There are two ways for the captains to load their boats with slaves. One system is called loose packing to deliver slaves. Under that system, captains transported fewer slaves than their ships could carry in order to reduce the disease and deaths among them. The other system is the cruelest one and is called tight packing. This system was based on the fact that the more slaves they had, the more profit they could make. They carried as many slaves as their ship could carry, and often more. In the ship’s hold, the slaves were chained ankle to wrist, with barely any place to move.
In the worse case, the captains did not provide any kinds of hygiene. In other boats, the captains placed buckets for the slaves’ excrements, but there was never one bucket per slave. Slaves who were close to the buckets used it but those who were farther away often tumbled and fell on others while trying to reach it. Severely hindered by the shackles that were tightly secured around their ankles, most slaves preferred to ease themselves where they were rather than to bruise themselves in the process of trying to reach it. Also, some sailors would be ordered to go below deck to wash the slaves briefly. Although the crew avoided the slaves, they often would call a woman on deck to satisfy their desires. When weather conditions were bad, the conditions of the quarters dramatically worsened. The slaves’ holding quarters were so hot and humid that the floor of their rooms was covered with layers of filth during most of the voyage.
Suicide attempts occurred daily and in painfully cruel ways. Slaves tried jumping overboard and even asked others to strangle them. One of the most common ways to avoid further punishment on the journey was to avoid eating. Starvation suicide attempts became so common that a device was introduced to forcefully open the mouths of slaves who refused to eat.
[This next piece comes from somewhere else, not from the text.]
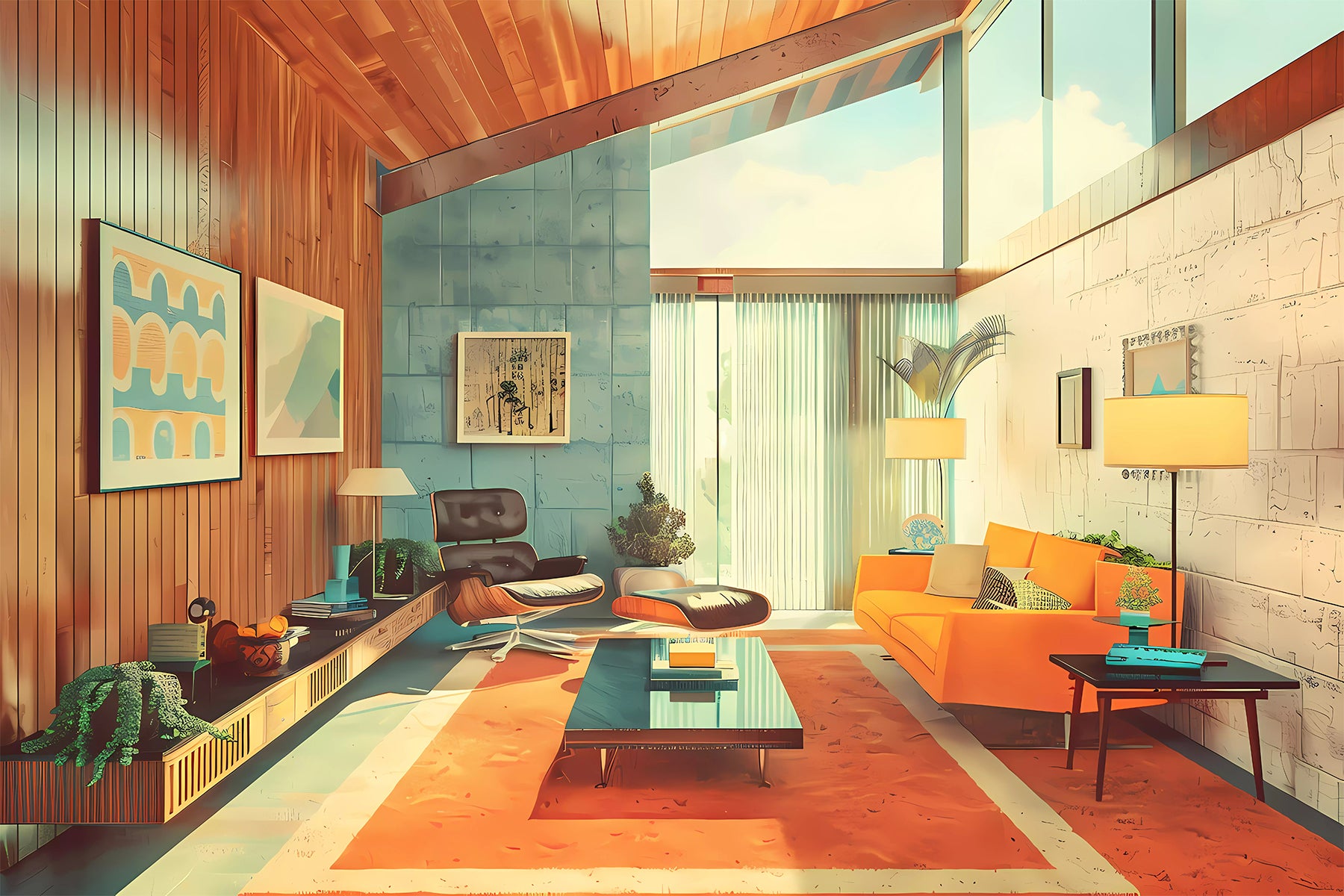Bring the warmth of mid-century modern design into your space with this stunning art print, showcasing a retro-inspired living room filled with iconic furniture and bold geometric accents. Featuring an Eames lounge chair, orange sofa, teak wood paneling, and floor-to-ceiling windows, this artwork captures the essence of 1950s–1960s design. Perfect for lovers of vintage interiors, modernist architecture, and retro color palettes, it instantly elevates any wall with timeless sophistication.

Slaves believed that their death would return them to their homeland and to their friends and relatives. To prevent slaves from killing themselves, sailors began chopping the heads off of corpses, implying that when they died, they would return to their homes headless. Even with precautions taken to avoid suicide attempts like drowning and starvation, many healthy and well-fed slaves died from what was known as “fixed melancholy.”
Fixed melancholy: A loss of the desire to live.
Food and water
Food was a very big problem for the slaves and the captains. The captains often thought that food was too expensive, and tried to buy as little food as they could. Some captains chose to take a sufficient amount of food, believing that healthy slaves would be worth the cost of the food. Many captains simply decided to buy as less food as possible, even if much of their “cargo” died of starvation. The feeding of the slaves was on deck. The slaves were taken out cautiously, with sailors to feed them and many to guard them with loaded guns in order to prevent a slave rebellion. On other boats, the slaves were fed in the hold, by sailors.
Diseases were very common in boats, they were transmitted easily because of the poor hygiene and the way slaves were packed together. Deaths numbers could very important, as in a Portuguese ship, a hundred out of five hundred slaves died during the night because of an unrecorded disease. The flux, smallpox and scurvy were the most spread diseases on the boats. To prevent both despondency and scurvy, sailors forced the slaves to be more active and participate in what they called a dance. In this ritual, sailors snapped large whips at the naked bodies of the slaves who jumped screamed from the pain. The shackles were left on during the whippings and often tore away at their bruised flesh. The poor conditions, brutal treatment of slaves, and continual suicides resulted in a high mortality during the Middle Passage.
Flux: A flowing or discharge of fluid from the body; diarrhea
Scurvy: A disease caused by a lack of vitamin C and characterized by spongy gums, loosening of the teeth, and a bleeding into the skin and mucous membranes.
Smallpox: An acute, highly infectious, often fatal disease caused by a poxvirus and characterized by high fever and aches with subsequent widespread eruption of pimples that blister, produce pus, and form pockmarks.